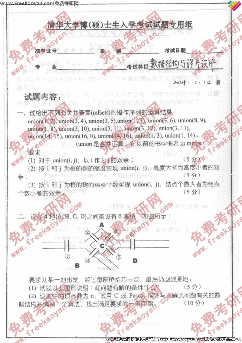 专业课考研经验 本站小编 FreeKaoyan 2018-01-22清华大学2000年考研真题-数据结构试题与分析
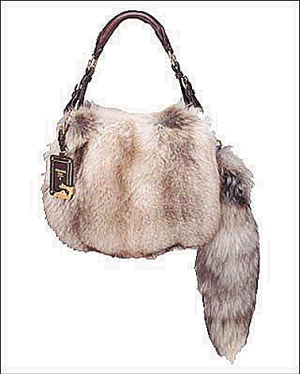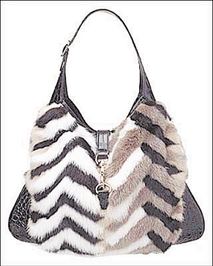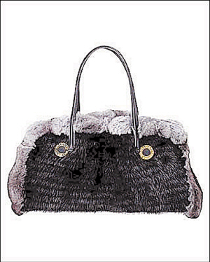 黑色皮草包身上灰色翻毛饰边成为包包的点睛,灰与黑的色彩搭配给视觉以柔和和愉悦。
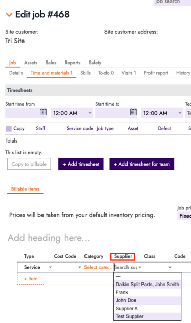 An optional Supplier column can be shown on Job Time & Materials, positioned before Category. It displays the Supplier Name linked to each product in your Inventory List.
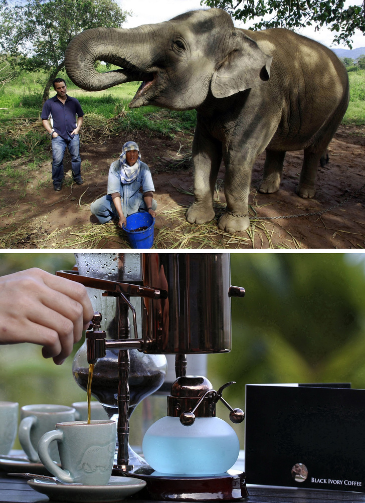 В даний час найдорожчий сорт кави — це таїландський Black Ivory, або «Чорна слонова кістка». На кавових плантаціях збирають звичайну арабіку і згодовують зерна... слонам. Кажуть, що шлункова кислота тваринного роз'їдає білок в зернах і прибирає всю гіркоту. Звичайний слон переробляє зерна за 15-30 годин, а для того, щоб отримати 1 кг кави, тварина повинна з'їсти близько 33 кг сирих зерен арабіки, змішаних з іншими продуктами його щоденного раціону. Переварені зерна потім ретельно вибираються з екскрементів, промиваються і сушаться, щоб потім стати дуже дорогим кави вартістю від $ 1 100 за 1 кг. А ви зважилися б побавитися таким напоєм?
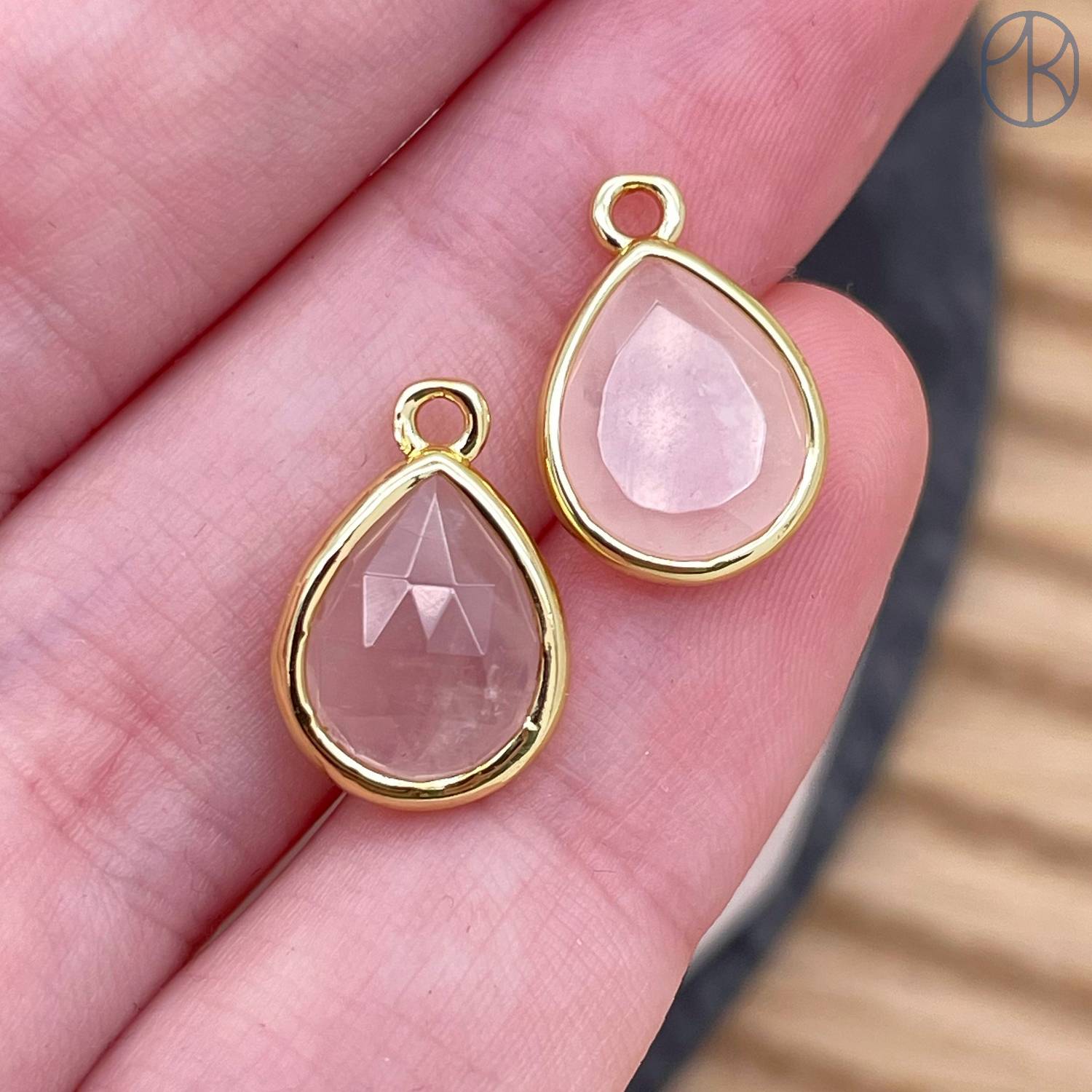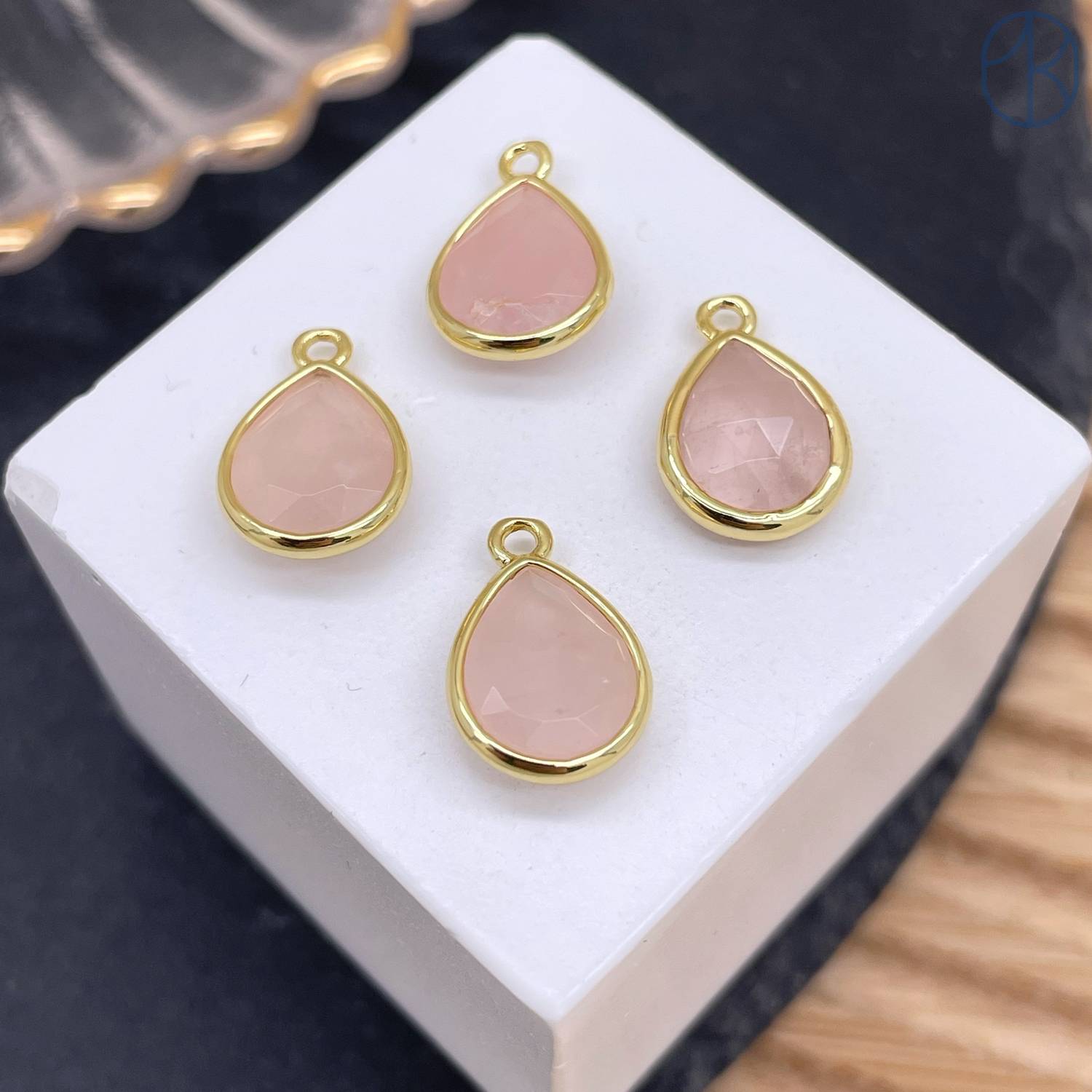 Подвеска капля розовый кварц, цвет золото 11 мм

════════════════════

- **WHAT TO WORK ON**
Line for line, restate the data above and omit every picture.

- **OUTPUT BELOW**
 专业课考研经验 本站小编 FreeKaoyan 2018-01-22清华大学2000年考研真题-数据结构试题与分析
 黑色皮草包身上灰色翻毛饰边成为包包的点睛,灰与黑的色彩搭配给视觉以柔和和愉悦。
 An optional Supplier column can be shown on Job Time & Materials, positioned before Category. It displays the Supplier Name linked to each product in your Inventory List.
 В даний час найдорожчий сорт кави — це таїландський Black Ivory, або «Чорна слонова кістка». На кавових плантаціях збирають звичайну арабіку і згодовують зерна... слонам. Кажуть, що шлункова кислота тваринного роз'їдає білок в зернах і прибирає всю гіркоту. Звичайний слон переробляє зерна за 15-30 годин, а для того, щоб отримати 1 кг кави, тварина повинна з'їсти близько 33 кг сирих зерен арабіки, змішаних з іншими продуктами його щоденного раціону. Переварені зерна потім ретельно вибираються з екскрементів, промиваються і сушаться, щоб потім стати дуже дорогим кави вартістю від $ 1 100 за 1 кг. А ви зважилися б побавитися таким напоєм?
 Подвеска капля розовый кварц, цвет золото 11 мм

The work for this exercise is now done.